INFORMATION PROVIDED
══════
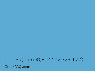 CIELab 66.638,-12.542,-28.172 Color is a normal blue color and the nearest color is Carolina Blue #56a0d3. Hex code #5cabd4 and RGB value is rgb(92,171,212). In RGB color space, this color is composed of 36% red, 67% green, 83% blue, In CMYK color space, this color is composed of 57% cyan, 19% magenta, 0% yellow , 17% black , In HSL color space, this color has a hue angle of 201° , 58% saturation and 60% lightness.
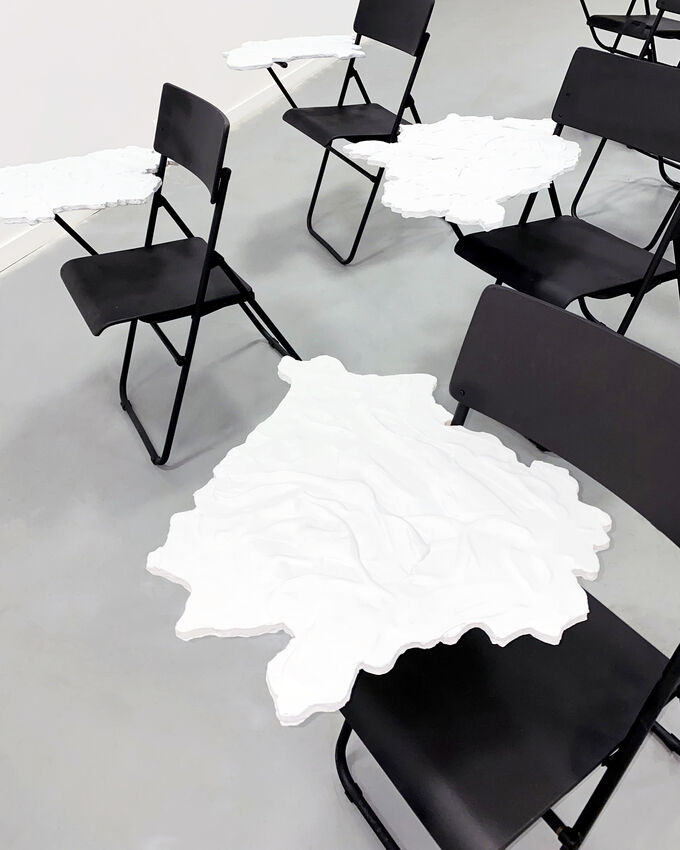 Und da wäre ja natürlich noch das Buch „Tausend Plateaus: Kapitalismus und Schizophrenie“ von Gilles Deleuze und Félix Guattari. Das ist ein Teil klassischer Kunsttheorie bzw. Philosophie, das uns allen irgendwie geläufig ist und dessen Erstveröffentlichung nun 45 Jahre zurückliegt. Deleuze und Guattari hatten damals natürlich noch keinen Schimmer von Instagram und Co. Die Idee, jedes Kapitel als autonomes Plateau zu errichten und diese dann als Rhizom zu verbinden, wurde aber zu einer Grundlage für das Verständnis einer medial geprägten Gesellschaft. Bei uns verdient der Gedanke auf jeden Fall eine Revision und soll uns hier auch als Inspiration dienen. Das weitverzweigte Rhizom wird in unserer Ausstellung eine Nähe erfahren. Die Inseln bilden eine Archipel, der unter Wasser verbunden ist. Wasserstand und Tektonik können diese Inseln zueinander führen, um sie in einem neuen Kontinent aufgehen zu lassen. Dieses utopische Bild trifft auf eine Realität, in der Landschaften wieder zunehmend territorial gelesen werden.
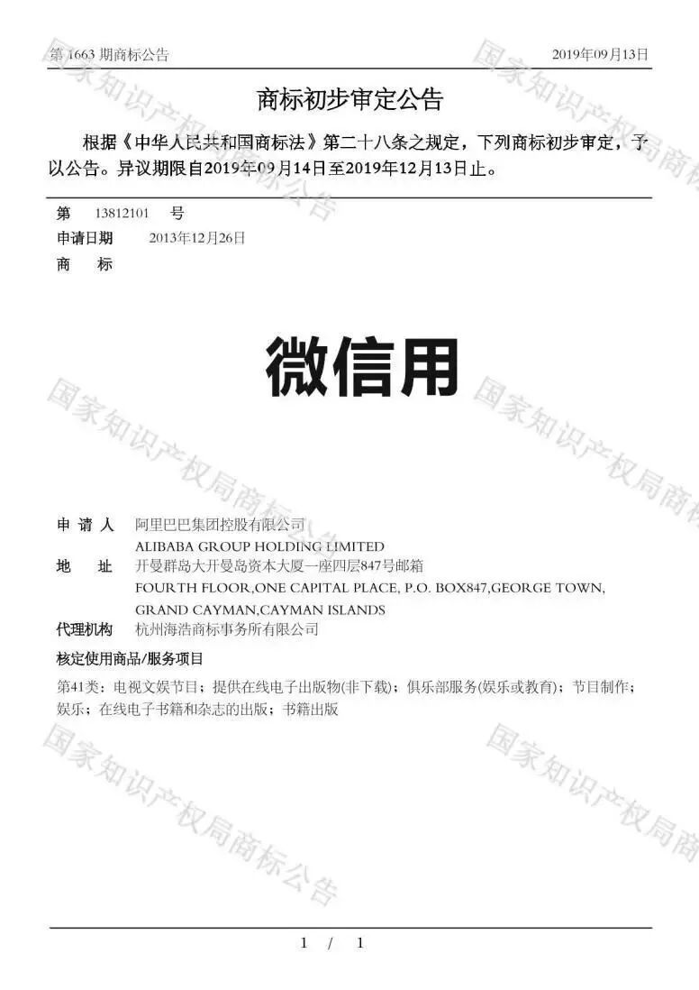近日,国内知识产权局官方(以下简称官方)作出第1663期商标公告,初步审定阿里巴巴集团控股有限公司(以下简称阿里巴巴)申请的第13812101号商标“微信用”核准注册。该商标被核定使用在第41类电视文娱节目、出版等服务上。
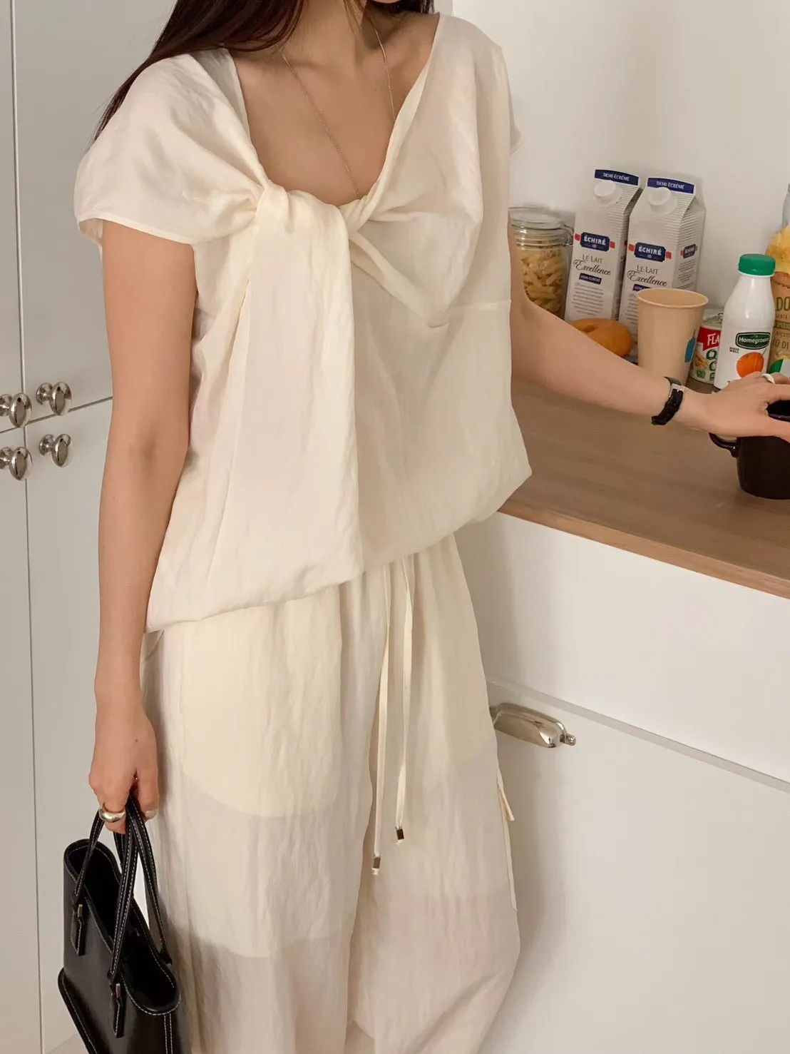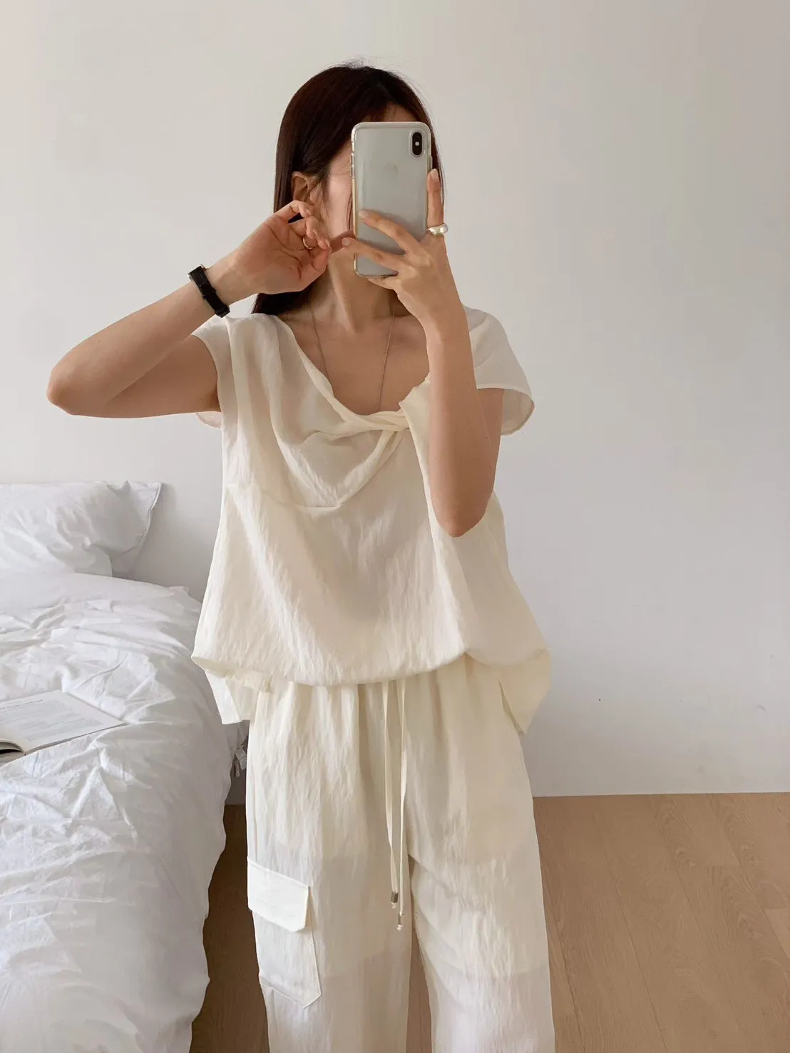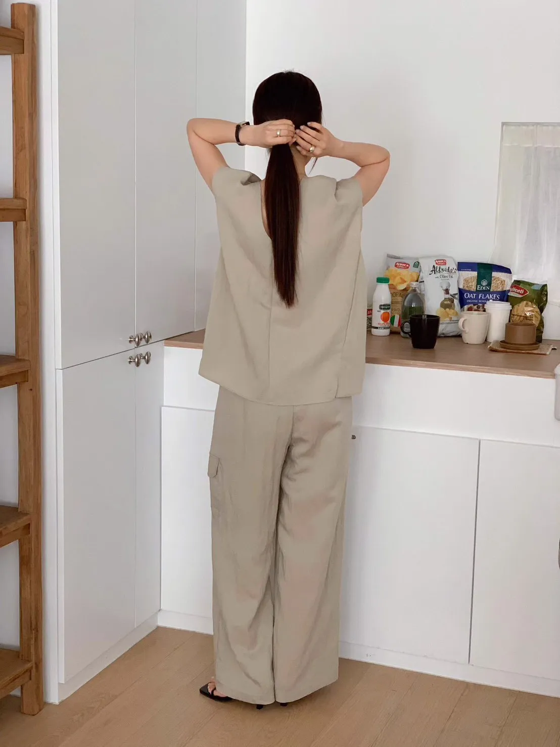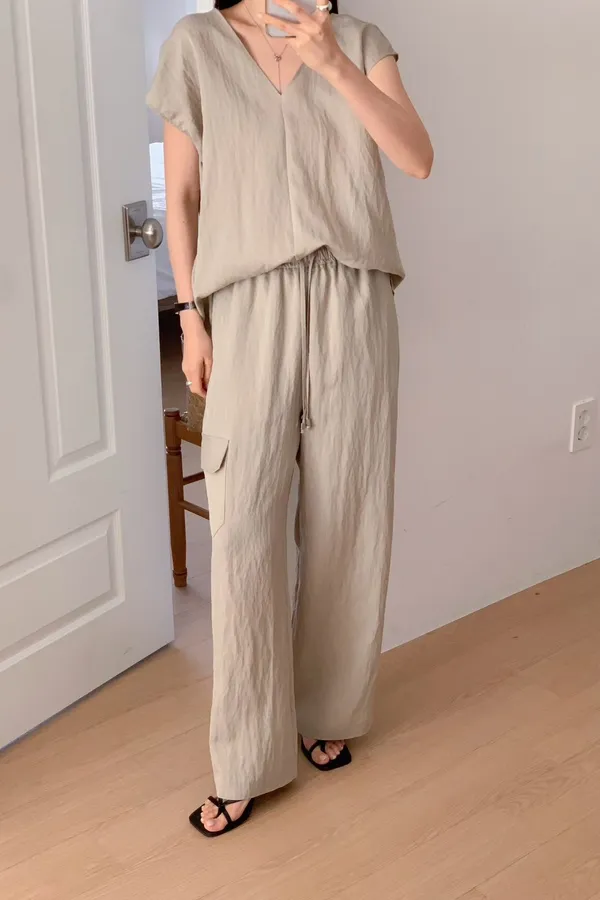 A17 0329(必買)質感家綁帶天絲彈性腰圍工裝褲3色
══════
ABOUT THIS TASK
Every line above should be transcribed word for word; leave the pictures out.

ANSWER TO THIS EXERCISE
 CIELab 66.638,-12.542,-28.172 Color is a normal blue color and the nearest color is Carolina Blue #56a0d3. Hex code #5cabd4 and RGB value is rgb(92,171,212). In RGB color space, this color is composed of 36% red, 67% green, 83% blue, In CMYK color space, this color is composed of 57% cyan, 19% magenta, 0% yellow , 17% black , In HSL color space, this color has a hue angle of 201° , 58% saturation and 60% lightness.
 Und da wäre ja natürlich noch das Buch „Tausend Plateaus: Kapitalismus und Schizophrenie“ von Gilles Deleuze und Félix Guattari. Das ist ein Teil klassischer Kunsttheorie bzw. Philosophie, das uns allen irgendwie geläufig ist und dessen Erstveröffentlichung nun 45 Jahre zurückliegt. Deleuze und Guattari hatten damals natürlich noch keinen Schimmer von Instagram und Co. Die Idee, jedes Kapitel als autonomes Plateau zu errichten und diese dann als Rhizom zu verbinden, wurde aber zu einer Grundlage für das Verständnis einer medial geprägten Gesellschaft. Bei uns verdient der Gedanke auf jeden Fall eine Revision und soll uns hier auch als Inspiration dienen. Das weitverzweigte Rhizom wird in unserer Ausstellung eine Nähe erfahren. Die Inseln bilden eine Archipel, der unter Wasser verbunden ist. Wasserstand und Tektonik können diese Inseln zueinander führen, um sie in einem neuen Kontinent aufgehen zu lassen. Dieses utopische Bild trifft auf eine Realität, in der Landschaften wieder zunehmend territorial gelesen werden.
近日,国内知识产权局官方(以下简称官方)作出第1663期商标公告,初步审定阿里巴巴集团控股有限公司(以下简称阿里巴巴)申请的第13812101号商标“微信用”核准注册。该商标被核定使用在第41类电视文娱节目、出版等服务上。
 A17 0329(必買)質感家綁帶天絲彈性腰圍工裝褲3色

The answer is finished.